Was Jason Newsted just acting out when he quit Metallica? That's what infamous therapist Phil Towle thinks. You may recall Towle was featured in Metallica's 2004 documentary Some Kind of Monster and he recently revealed his thoughts on Newsted in a new interview.
Towle appeared on ..And Podcast For All! and thinks Newsted didn't really want to leave, saying “I don’t think [Jason] wanted to leave the band. I think he wanted to leave the reality of what existed. And this was the only way he could start to do something with it.”
He later continued “Have you ever had a fight with your wife? When we’re fighting with our spouses or significant others or good friends or whatever, it’s hard. It’s easy to build up the animosity and the resentment when you’re feeling uncomfortable. And I think that Jason — this is my second-hand knowledge — but I think that Jason, coming off of Cliff’s reputation and the way that Cliff died so tragically, and that he was so instantly a replacement for Cliff, that he became what the guys would say a ‘whipping boy.’ He was the way that they grieved unhealthily. And Jason, because he was so — like anybody else — so grateful to be a part of the band, never felt like he could quite make it. He was hazed to the point where I think it blew because he’d had enough of something. And when we’ve had enough of something, then it’s hard to go to somebody and say, ‘Can we sit down and talk about this?’ No. It’s, ‘Fuck you.’ It’s a straight head-on… It’s, ‘This is what I’m pissed off about.’ So you have to ride that wave out. And because it was stunning, and because the band had certain resentments — the rest of the band had resentments — these are cumulative effects. And the fact that they never talked out — this is what Lars would say — the whole never really took the time to talk out the issues they were involved in, then this becomes an explosion. Then you have to pick up the pieces of it.”
Towle ultimately thinks good came out of Newsted leaving, “[It] triggered a whole bunch of things. That contributed to ultimately James [Hetfield, Metallica singer/guitarist], months later, going into rehab. It wasn’t the exact fact, but if you look at the overarching life of Metallica and you see that they were trashing each other in Playboy magazine, in that interview, and you see then a month later they come in, or maybe two months later they come in — January of 2001, I think — and there’s this kind of animosity, that Jason is acting out. He’s the identified patient of the therapy, so he’s acting this act. And then the fight ensued.”

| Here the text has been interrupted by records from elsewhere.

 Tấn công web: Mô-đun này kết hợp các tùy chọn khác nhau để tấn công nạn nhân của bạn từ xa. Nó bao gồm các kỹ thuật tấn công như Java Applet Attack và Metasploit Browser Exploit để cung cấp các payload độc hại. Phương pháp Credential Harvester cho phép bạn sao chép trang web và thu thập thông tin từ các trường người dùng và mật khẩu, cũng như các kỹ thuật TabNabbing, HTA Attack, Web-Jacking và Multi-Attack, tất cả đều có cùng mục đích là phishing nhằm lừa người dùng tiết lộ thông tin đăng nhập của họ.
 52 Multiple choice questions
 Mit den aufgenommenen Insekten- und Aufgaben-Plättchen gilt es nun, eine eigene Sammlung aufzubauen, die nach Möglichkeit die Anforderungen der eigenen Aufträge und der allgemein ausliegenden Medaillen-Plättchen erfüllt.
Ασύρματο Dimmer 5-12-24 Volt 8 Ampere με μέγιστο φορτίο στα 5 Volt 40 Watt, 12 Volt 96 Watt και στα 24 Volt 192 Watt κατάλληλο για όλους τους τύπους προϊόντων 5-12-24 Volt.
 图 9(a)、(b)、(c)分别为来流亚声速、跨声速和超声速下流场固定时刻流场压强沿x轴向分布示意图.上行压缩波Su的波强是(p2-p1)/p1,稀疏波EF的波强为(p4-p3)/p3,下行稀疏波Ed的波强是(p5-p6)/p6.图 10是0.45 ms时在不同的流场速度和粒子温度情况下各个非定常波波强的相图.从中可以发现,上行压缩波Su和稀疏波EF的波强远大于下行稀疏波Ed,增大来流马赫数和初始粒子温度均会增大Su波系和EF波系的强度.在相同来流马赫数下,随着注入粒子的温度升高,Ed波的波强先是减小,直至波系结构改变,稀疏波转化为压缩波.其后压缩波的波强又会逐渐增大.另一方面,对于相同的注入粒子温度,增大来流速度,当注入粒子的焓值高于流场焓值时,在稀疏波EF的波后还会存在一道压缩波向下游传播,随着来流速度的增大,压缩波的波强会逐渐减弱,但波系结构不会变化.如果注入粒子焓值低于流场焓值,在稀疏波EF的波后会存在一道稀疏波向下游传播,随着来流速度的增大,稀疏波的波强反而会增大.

In 2014, Newsted was interviewed by Scuzz TV in the UK and was asked about his exit. I guess enough time has passed where he felt he could finally open up fully about it. We knew previously that he quit because the rest of Metallica wanted Newsted to focus on Metallica and did not want him doing side projects, namely Echobrain project that he was working on.
Now, Newsted elaborates that what actually happened was Metallica's management at Q-Prime heard the Echobrain demos and were very impressed. They wanted to represent the band and push it using Newsted's built-in credibility of being in Metallica. Newsted alleges that once James Hetfield heard about this, he supposedly got jealous of management's interest, and assumed Echobrain's success would hurt Metallica. So, James "put the kibosh" on the entire thing, and the next day the management company called Newsted and told him they were no longer interested.
The next time the entire band met up for a shoot, Newsted showed up and offered copies of the new Echobrain record to everybody in the band, friends and Bob Rock, who was also present. James then reprimanded Newsted. Newsted claims he invested a lot of money into the project and ultimately did not make a profit. But more importantly, he was so offended by James' power play that he decided it was time to move on.